Is Netflix banning corsets from its series? Actresses hate them and may soon disappear from period dramas like Bridgerton
How many times have we seen in a film or historical series the young lady of yesteryear bending over a dressing table or four-poster bed with an expression of pain on her face while someone from the servants tries to squeeze her into a corset and sadistically pulls the laces to narrow her waist as much as possible? From Gone with the Wind to Jane Austin, from Marie Antoinette to Bridgerton, this scene, symbolic of the daily torture to which women (but often men too) have been subjected for centuries, has become part of the collective imagination, but perhaps we will never see it again from now on.
In an interview, Bridgerton actress Simone Ashley spoke about her experience with the corset, calling it "interesting":
"On my first day I thought, "OK, my first day as a leading lady, I ate a lot, I am very energetic. "So I ate this huge portion of salmon and then I threw up because I was wearing the corset. I realised that when you are in a corset you just do not eat. It changes your body. I had a smaller life for a brief moment. The moment you stop wearing it, your body goes back to the way it is. I also had a lot of pain with the corset, I think I tore my shoulder once!"
These problems and discomforts are familiar to most actresses who have worn a corset for a long time because of the script requirements. One of the latest to speak out on the issue is Vicky Krieps. The actress, who played Empress Elisabeth of Austria and her obsession with thinness in the recent film Corsage, noted that as soon as she slipped into the corset after two minutes, she became sad, "a deep sadness", and then discovered that our emotional centre is where the solar plexus and diaphragm are, and that's where this garment pushes the most.

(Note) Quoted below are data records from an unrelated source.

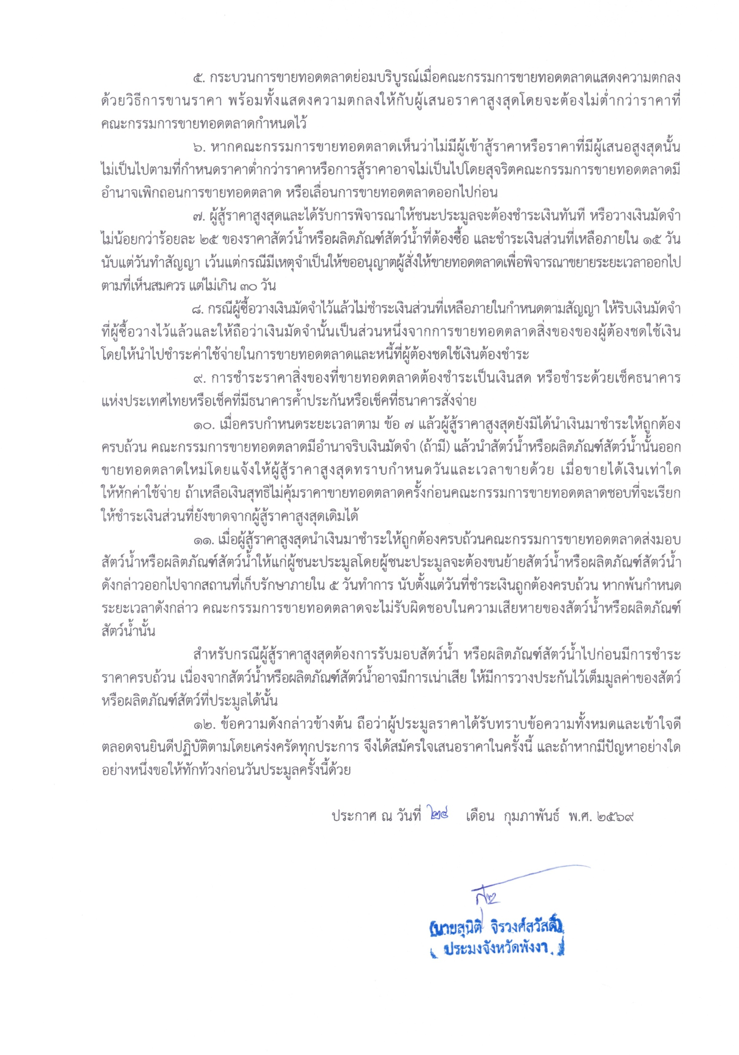 ??กำหนดการประมูลขายทอดตลาด ในวันที่ 26 กุมภาพันธ์ 2569 ณ แพเจริญสิน เลขที่ 139/132 หมู่ที่ 3 ตำบลคุระ อำเภอคุระบุรี จังหวัดพังงา การประมูลจะเริ่ม ในเวลา 10.30 น. เพื่อให้ทุกท่านได้รับชมสภาพผลิตภัณฑ์สัตว์น้ำขายทอดตลาด และเริ่มประมูลในเวลา 11.00 น. โดยมีสัตว์น้ำหรือผลิตภัณฑ์สัตว์น้ำที่พนักงานเจ้าหน้าที่สั่งยึดไว้ จำนวน 6 รายการ ปริมาณรวม 448 กิโลกรัม ดังนี้
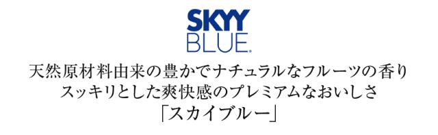 スカイブルーは、アメリカ西海岸サンフランシスコ生まれのプレミアムウオッカ「スカイ ウオッカ」の姉妹ブランドです。さわやかなシトラス(柑橘)風味を効かせたのがスカイブルーの特徴。フルーツ果汁のさっぱりとしたおいしさをギュッととじこめ、まるかじりしたような果実感たっぷりの味わいです。
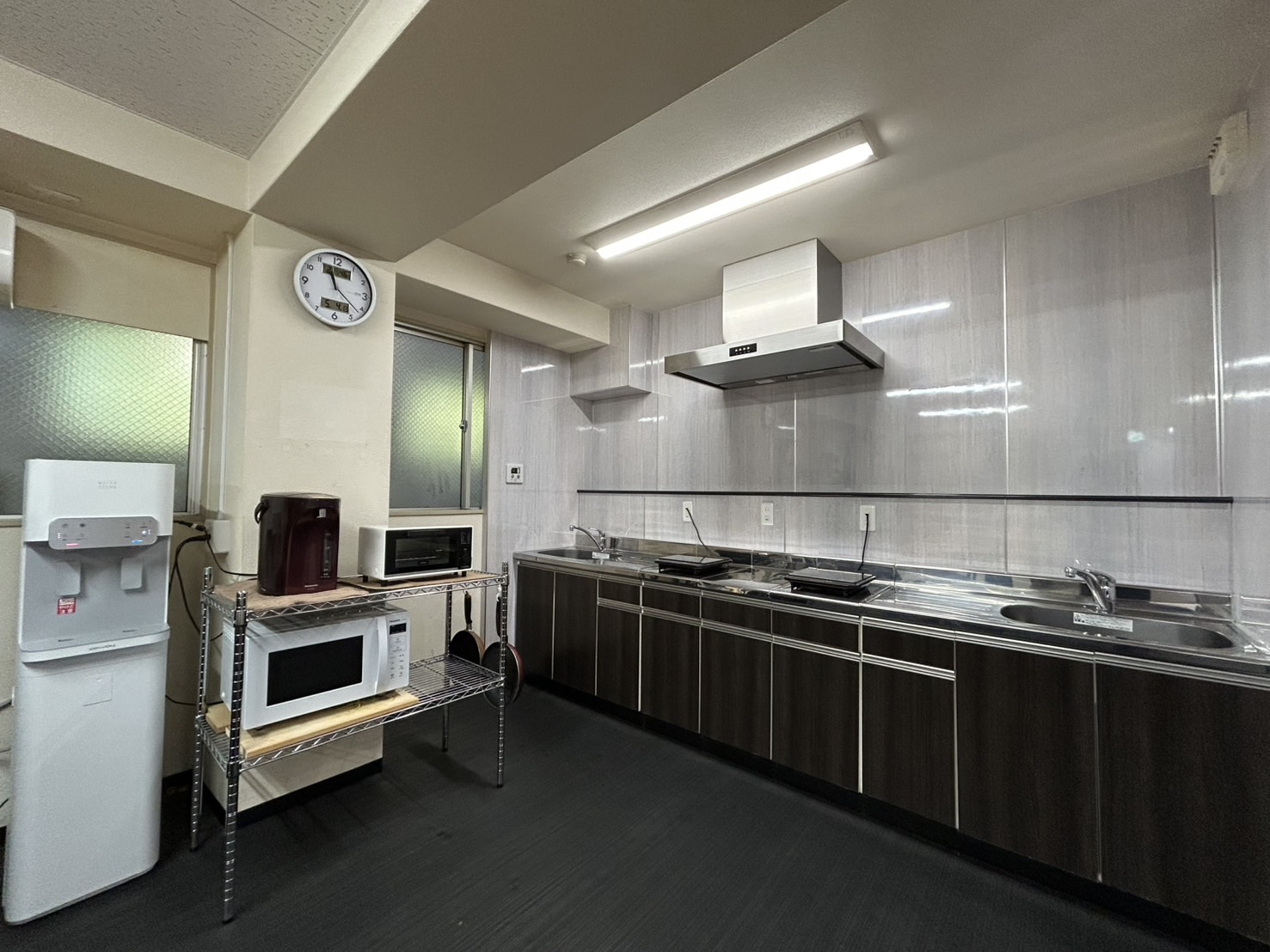 A. はい 自社物件には、共用のキッチンスペースがあり、24時間ご自由に利用可能です また、ポットや電子レンジといった調理器具も備え付けでございます
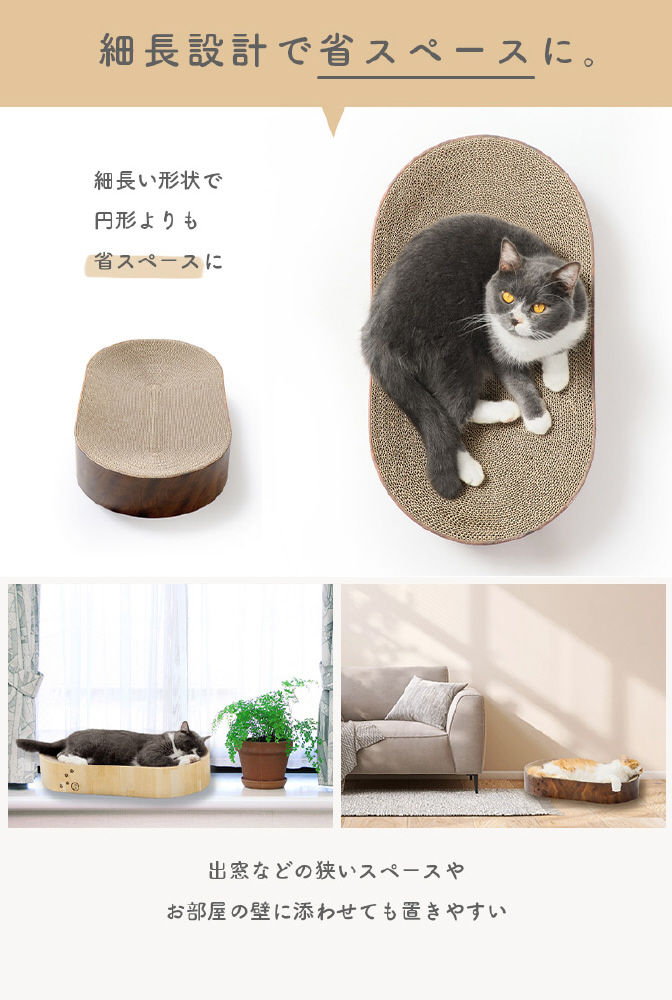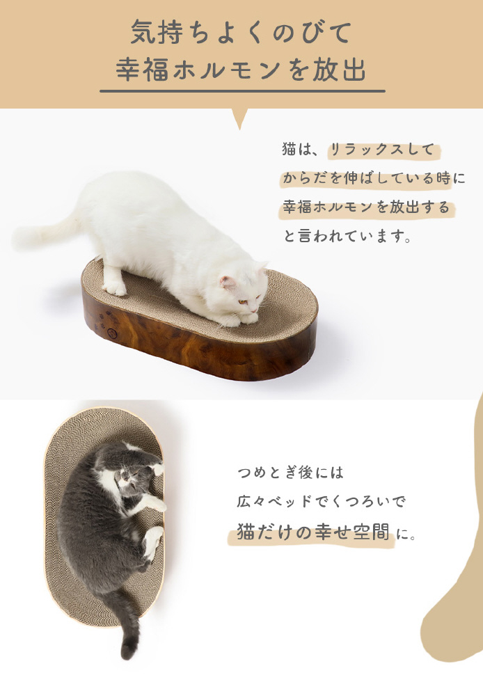 幅60cmののびのび設計なので、猫がつめとぎの上で、両手両足をついてしっかりとからだを伸ばして、つめとぎを楽しむことができます。猫はリラックスしてからだを伸ばしている時に、幸福ホルモンを放出すると言われています。つめとぎ後には、広々ベッドでくつろいで、猫だけの幸せ空間に。
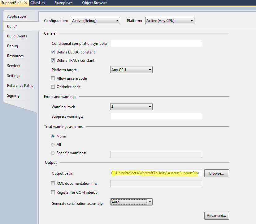 На вкладке Build установите путь для вашей DLL, куда она отправится после компиляции. В качестве папки укажите любую папку в папке Assets вашего проекта.
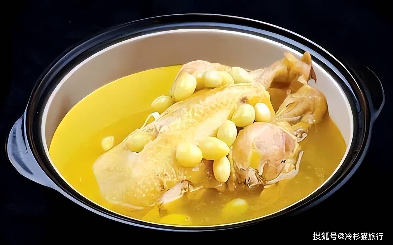 白果炖老鸭主要原料是产在桂林兴安,灵川一带的白果和老鸭,用文火清炖而成,其特点是汤微苦,果香肉甜,营养丰富,四季皆宜。
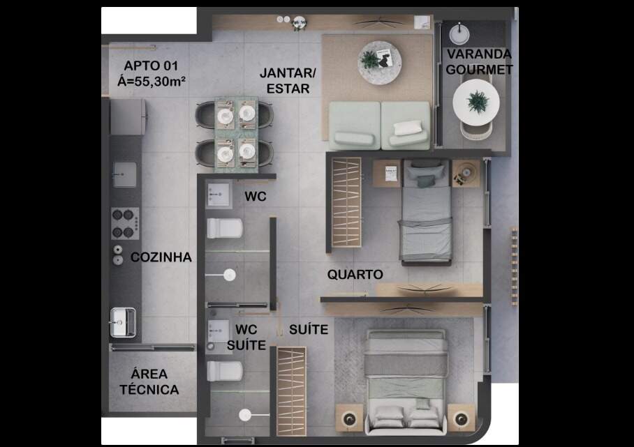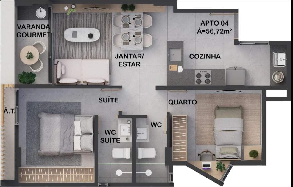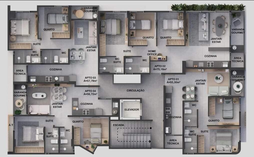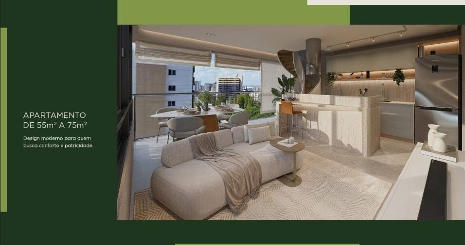 Com opções de plantas diferentes, sendo; Apartamentos com 55,30m² a 57,79m² possuindo dois quartos sendo uma suíte, banheiro social, sala de estar/jantar e cozinha com área de serviço integrada e varanda gourmet.
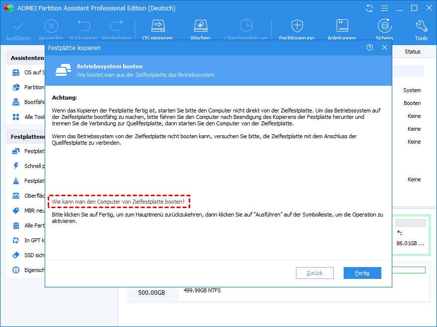 Nach dem Kopieren von der geklonten Festplatte booten - So geht's
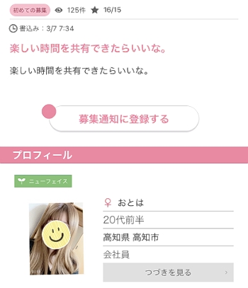 上記の画像のようにエロすぎず、「楽しい時間を共有したい」みたいな投稿は、女性は素人の割り切りが多いです。
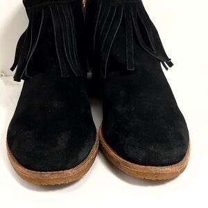 Kate Spade women's Betsie Too Fringed Black Suede Ankle Boots Booties US 9,5M.
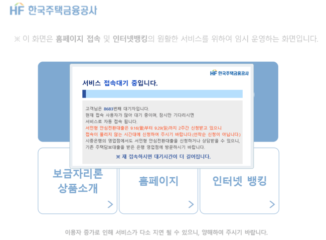 한국주택금융공사 홈페이지 대기자가 속출하고 있다. [사진=한국주택금융공사]
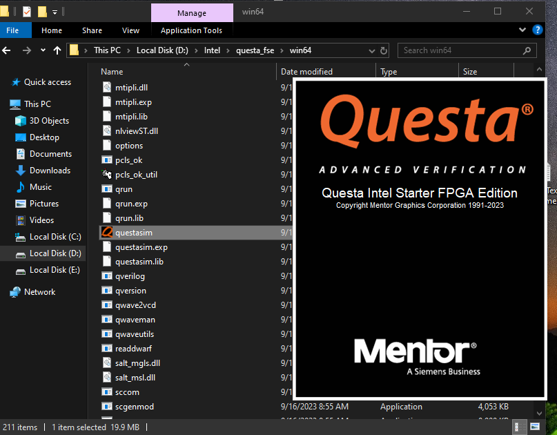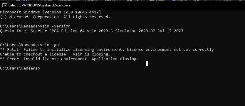 C:/IntelFPGA_lite/23.1std/questa_fse/win64/vsim.exe this did not work and after running the quartus # vsim -t 1ps -L altera_ver -L lpm_ver -L sgate_ver -L altera_mf_ver -L altera_lnsim_ver -L cyclonev_ver -L cyclonev_hssi_ver -L cyclonev_pcie_hip_ver -L rtl_work -L work -voptargs="+acc" tb_inv.v
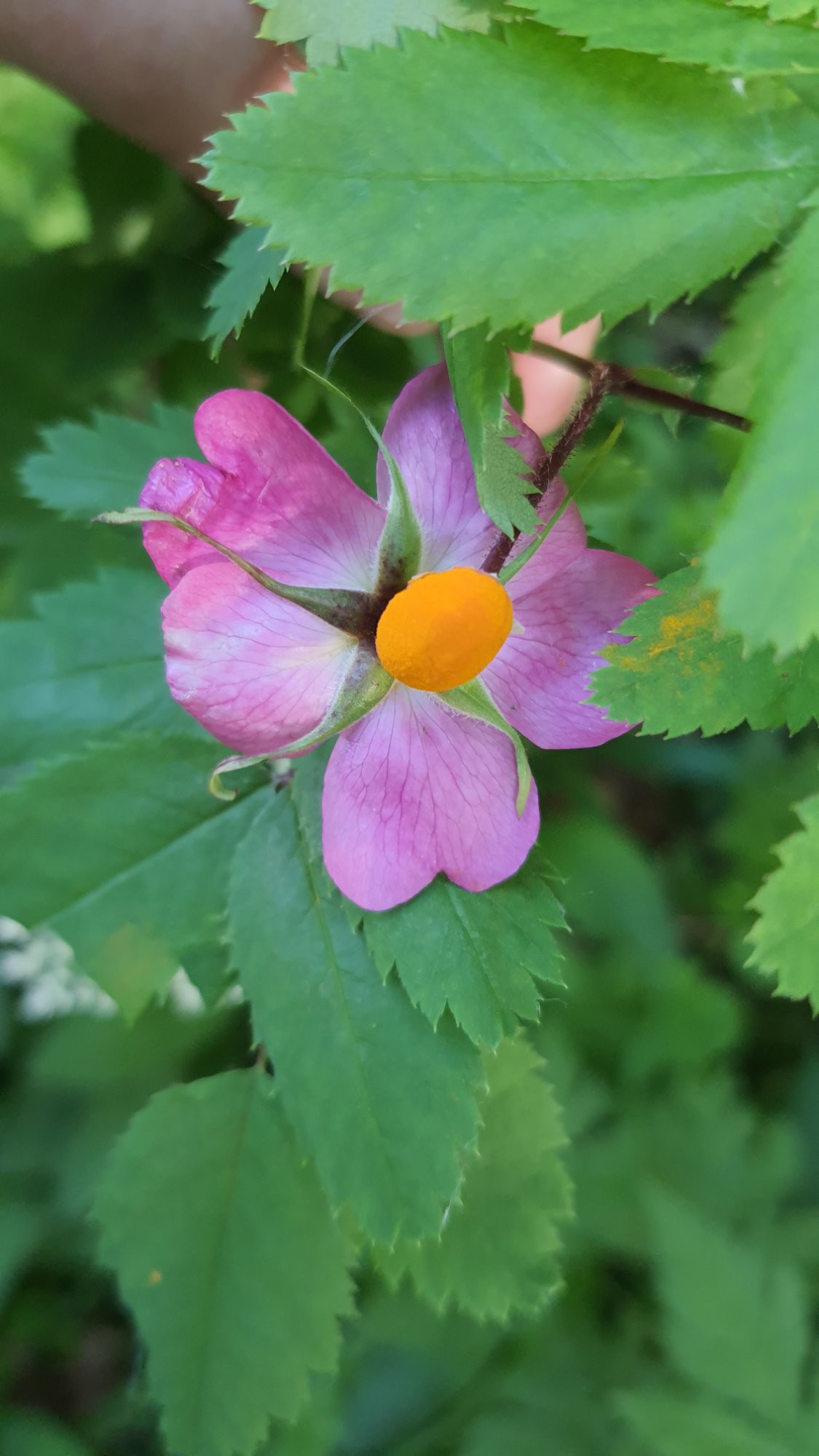 Das orange Kissen befindet sich auf der Rückseite einer wild wachsenden Rose.
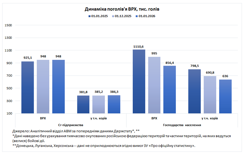 У присадибному секторі знаходиться 856,4 тис. голів ВРХ, що на 139 тис. голів менше (-14%) порівняно до 1 грудня 2025 року. Кількість корів у господарствах населення станом на 1 січня 2026 року становила 636 тис. голів, що на 55 тис. голів менше (-8%), ніж місяць тому. За останній рік кількість ВРХ у господарствах населення скоротилася на 254 тис. голів (-23%), а кількість корів зменшилася на 163 тис. голів (-20%).

After news of the possible ban on corsets spread, public opinion was divided between those who sympathise with the actresses and see the use of corsets as a legacy of patriarchy, and those who feel that without appropriate costumes that reflect the context and time in which they are set, films and series would lose their historical accuracy and some of their value. Despite the obvious disagreements, it seems that the corset craze that spread with Regencycore and was reinterpreted on every catwalk from Versace to Mugler, no longer as an instrument of oppression but of empowerment, is here to stay.